Stored data entries:
◆ ◆ ◆ ◆ ◆

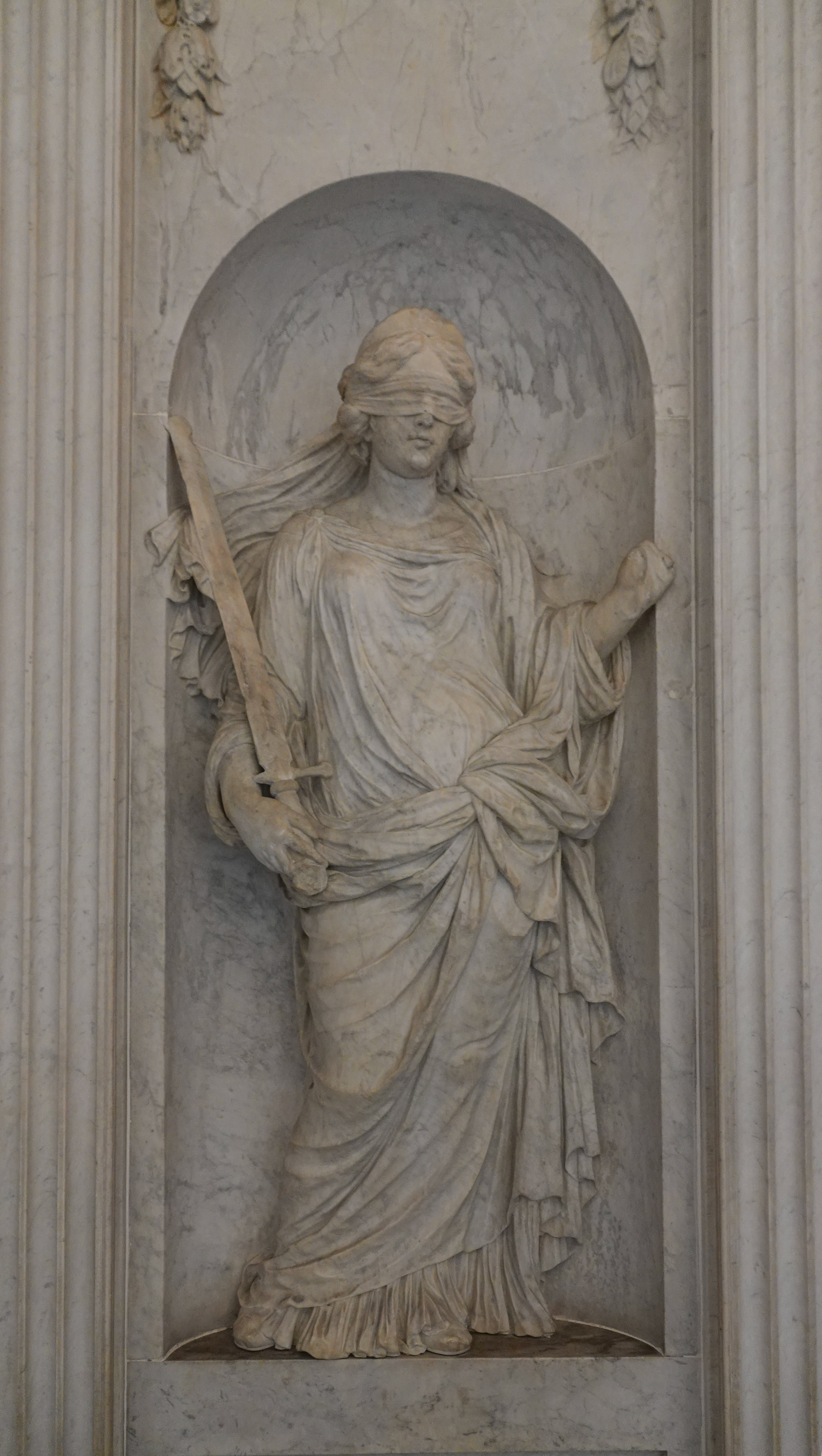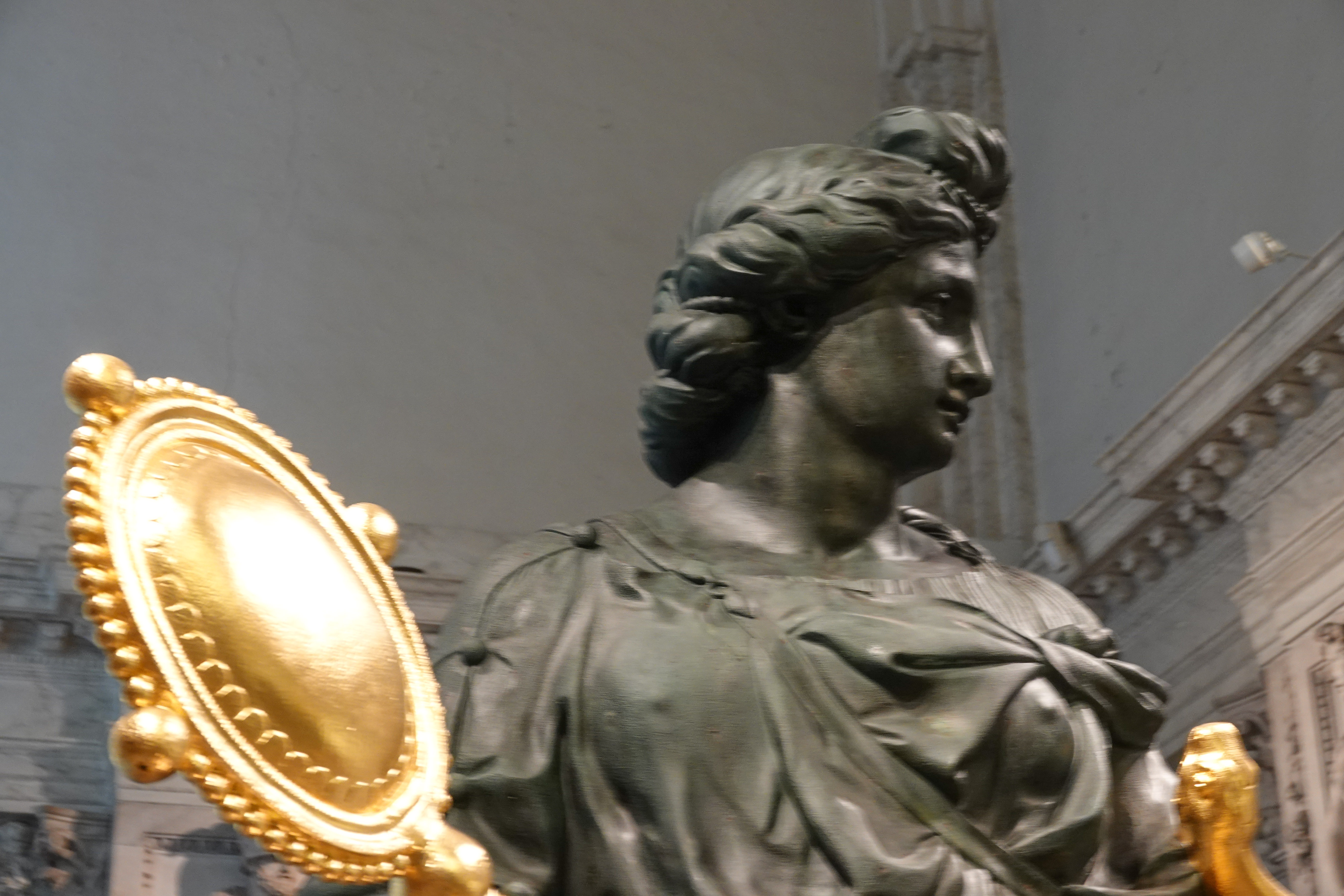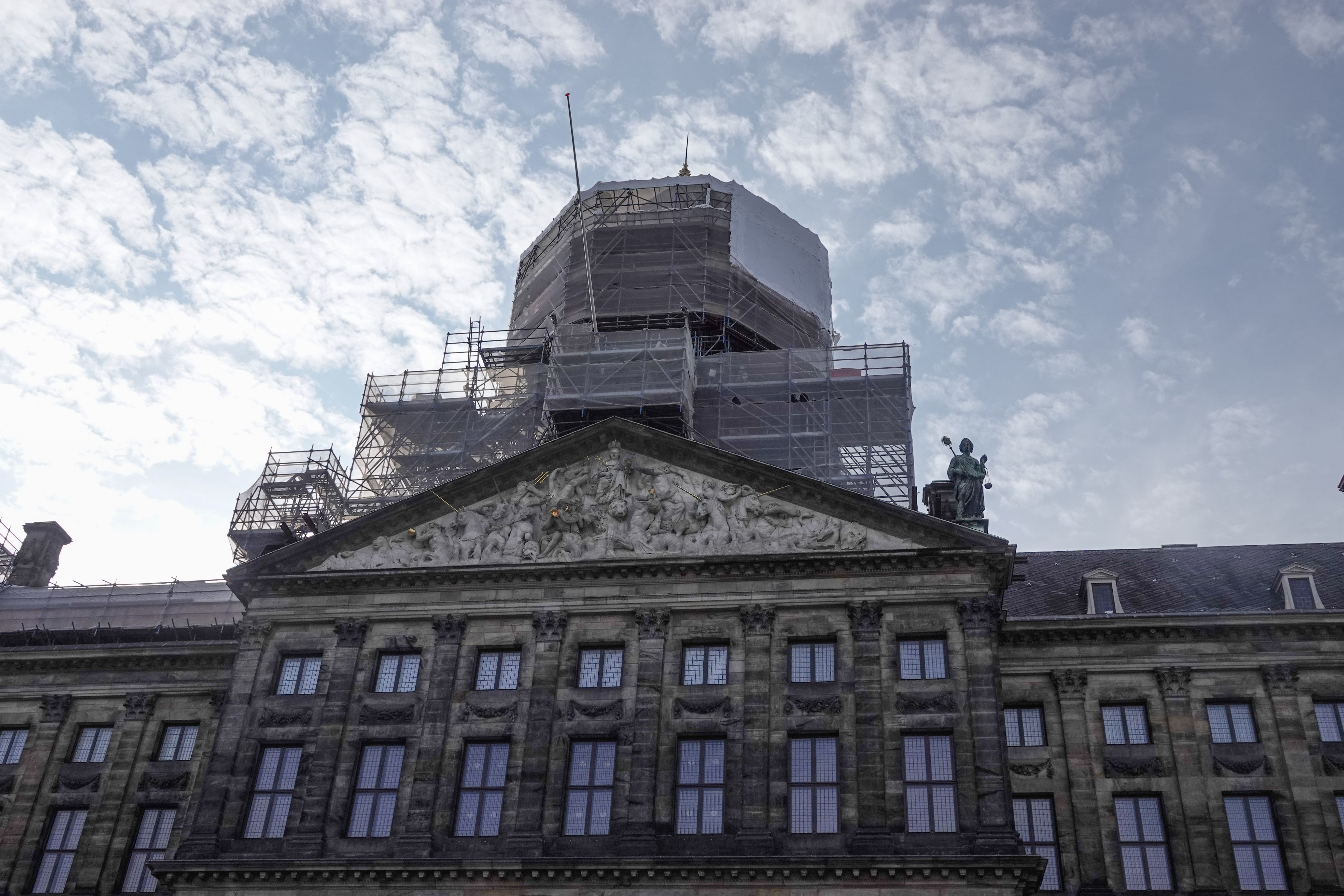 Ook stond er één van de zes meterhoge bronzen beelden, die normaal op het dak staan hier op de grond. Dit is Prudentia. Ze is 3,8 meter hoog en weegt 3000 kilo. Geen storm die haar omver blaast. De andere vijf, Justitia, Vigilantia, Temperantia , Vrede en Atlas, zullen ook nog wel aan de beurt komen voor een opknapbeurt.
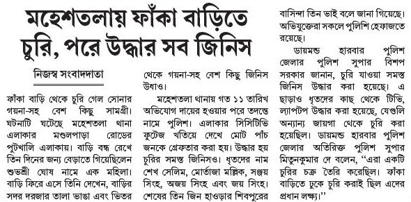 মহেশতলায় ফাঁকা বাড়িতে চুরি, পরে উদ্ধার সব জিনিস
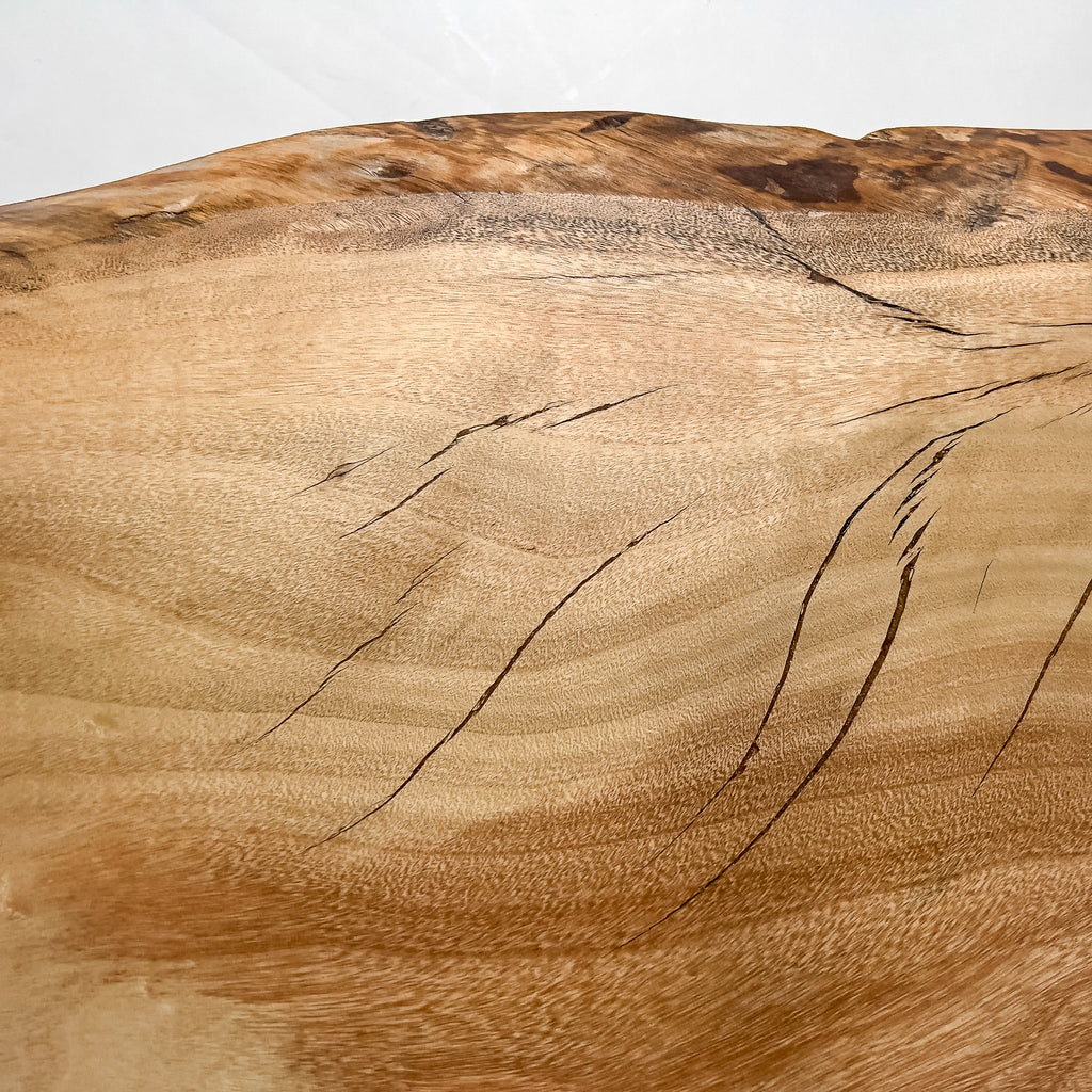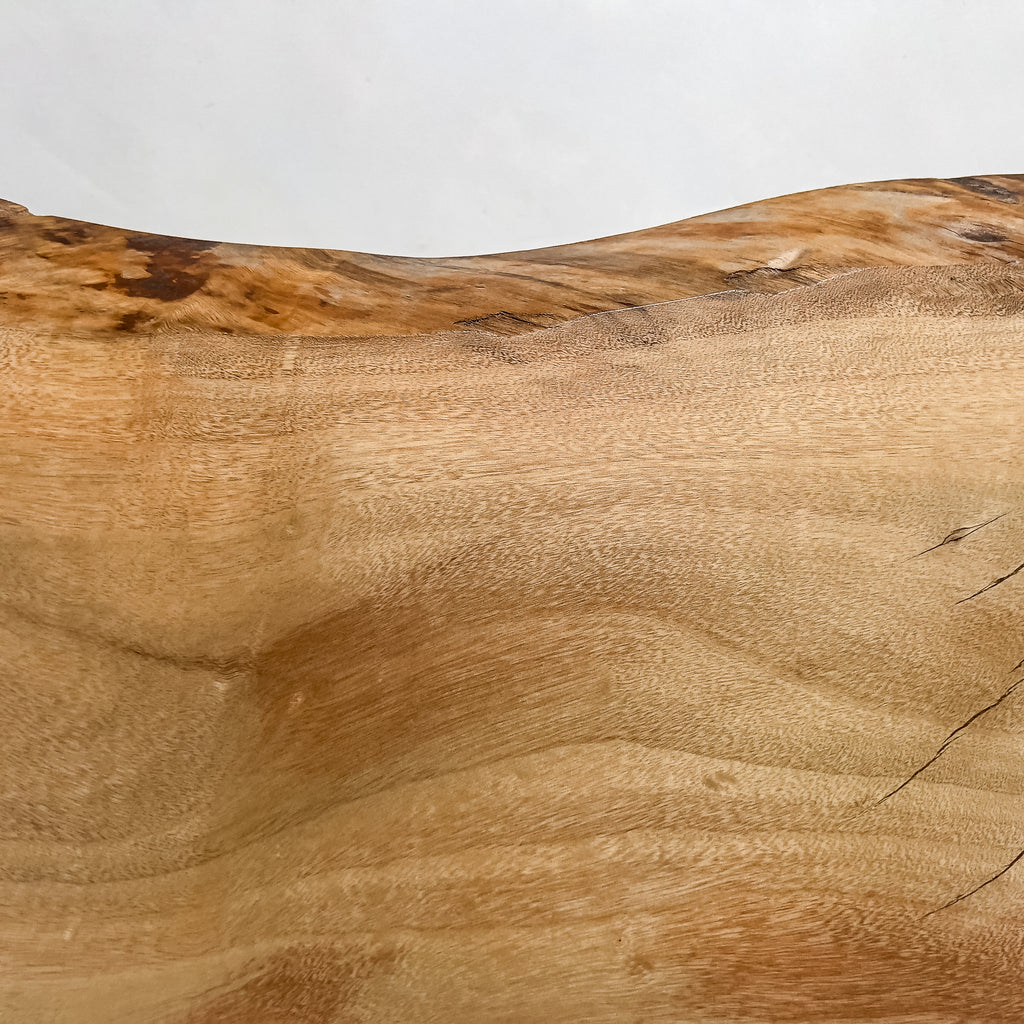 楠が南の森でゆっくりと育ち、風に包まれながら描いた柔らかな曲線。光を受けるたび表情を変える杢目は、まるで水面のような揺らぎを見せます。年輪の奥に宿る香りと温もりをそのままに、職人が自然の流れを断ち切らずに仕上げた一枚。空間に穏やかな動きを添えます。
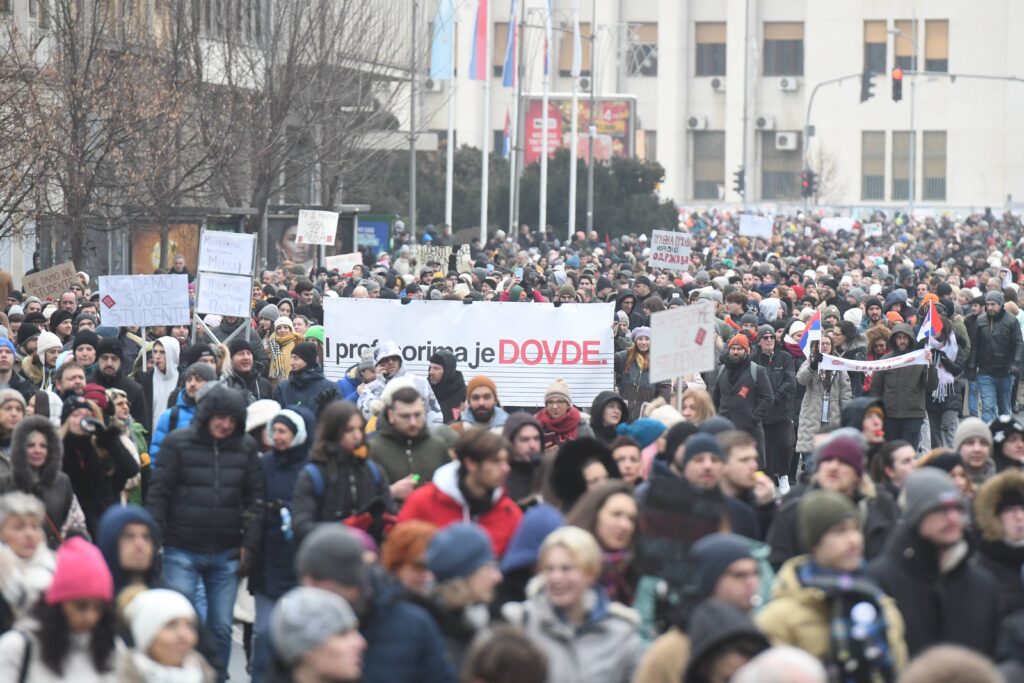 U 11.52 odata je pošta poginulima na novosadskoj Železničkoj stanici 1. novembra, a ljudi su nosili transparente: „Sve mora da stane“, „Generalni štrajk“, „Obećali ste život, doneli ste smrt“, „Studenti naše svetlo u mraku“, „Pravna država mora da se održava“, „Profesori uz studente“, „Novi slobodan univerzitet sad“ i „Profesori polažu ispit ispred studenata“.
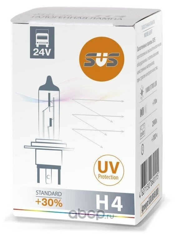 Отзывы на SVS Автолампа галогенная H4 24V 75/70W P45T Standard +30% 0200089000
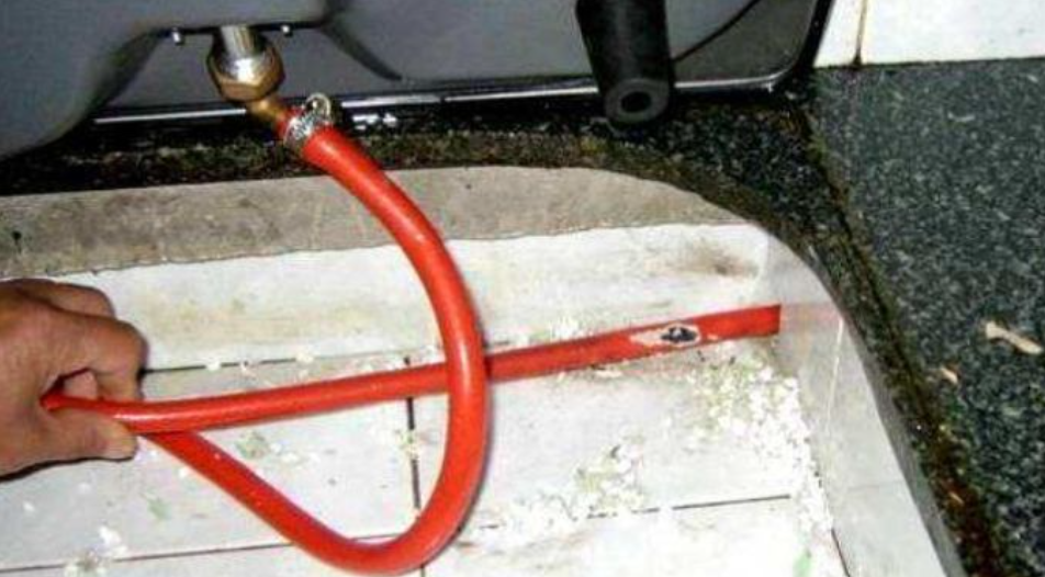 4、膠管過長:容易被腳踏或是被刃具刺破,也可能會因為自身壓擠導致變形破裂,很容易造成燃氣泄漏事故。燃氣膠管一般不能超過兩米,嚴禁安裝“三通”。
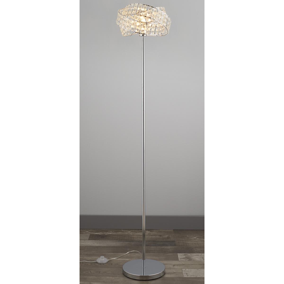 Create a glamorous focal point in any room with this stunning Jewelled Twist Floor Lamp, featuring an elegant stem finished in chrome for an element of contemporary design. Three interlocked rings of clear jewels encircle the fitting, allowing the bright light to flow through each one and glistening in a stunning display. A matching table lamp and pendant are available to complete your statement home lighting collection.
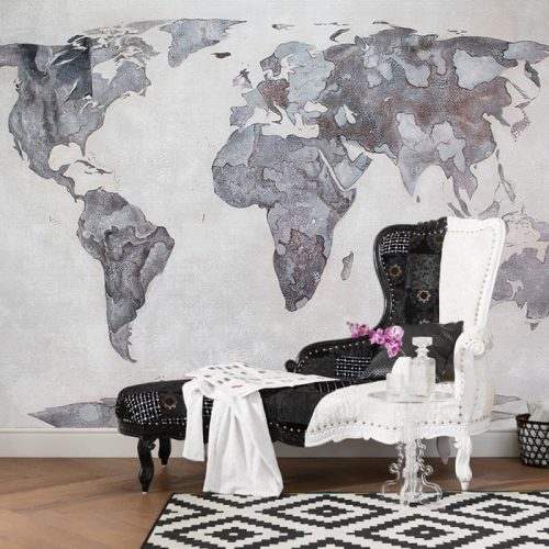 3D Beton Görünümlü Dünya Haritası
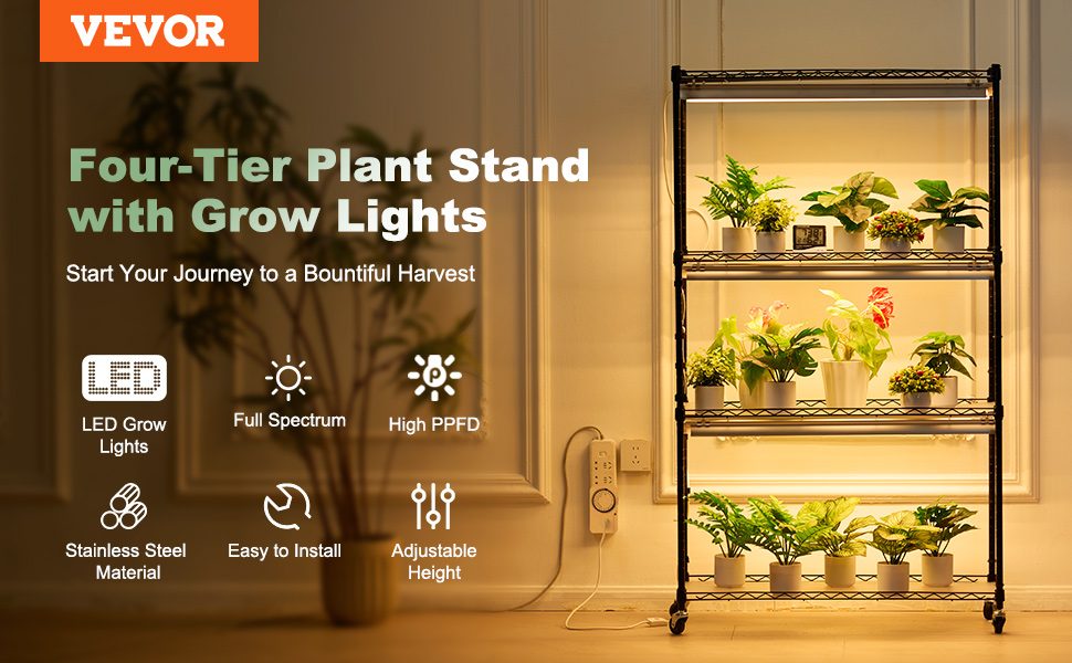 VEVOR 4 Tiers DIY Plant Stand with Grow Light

◆ ◆ ◆ ◆ ◆

The answer must consist solely of the lines from the line containing "楠が南の森でゆっくりと育ち、" to the end of the data, reproduced exactly, with every picture left out.

 楠が南の森でゆっくりと育ち、風に包まれながら描いた柔らかな曲線。光を受けるたび表情を変える杢目は、まるで水面のような揺らぎを見せます。年輪の奥に宿る香りと温もりをそのままに、職人が自然の流れを断ち切らずに仕上げた一枚。空間に穏やかな動きを添えます。
 U 11.52 odata je pošta poginulima na novosadskoj Železničkoj stanici 1. novembra, a ljudi su nosili transparente: „Sve mora da stane“, „Generalni štrajk“, „Obećali ste život, doneli ste smrt“, „Studenti naše svetlo u mraku“, „Pravna država mora da se održava“, „Profesori uz studente“, „Novi slobodan univerzitet sad“ i „Profesori polažu ispit ispred studenata“.
 Отзывы на SVS Автолампа галогенная H4 24V 75/70W P45T Standard +30% 0200089000
 4、膠管過長:容易被腳踏或是被刃具刺破,也可能會因為自身壓擠導致變形破裂,很容易造成燃氣泄漏事故。燃氣膠管一般不能超過兩米,嚴禁安裝“三通”。
 Create a glamorous focal point in any room with this stunning Jewelled Twist Floor Lamp, featuring an elegant stem finished in chrome for an element of contemporary design. Three interlocked rings of clear jewels encircle the fitting, allowing the bright light to flow through each one and glistening in a stunning display. A matching table lamp and pendant are available to complete your statement home lighting collection.
 3D Beton Görünümlü Dünya Haritası
 VEVOR 4 Tiers DIY Plant Stand with Grow Light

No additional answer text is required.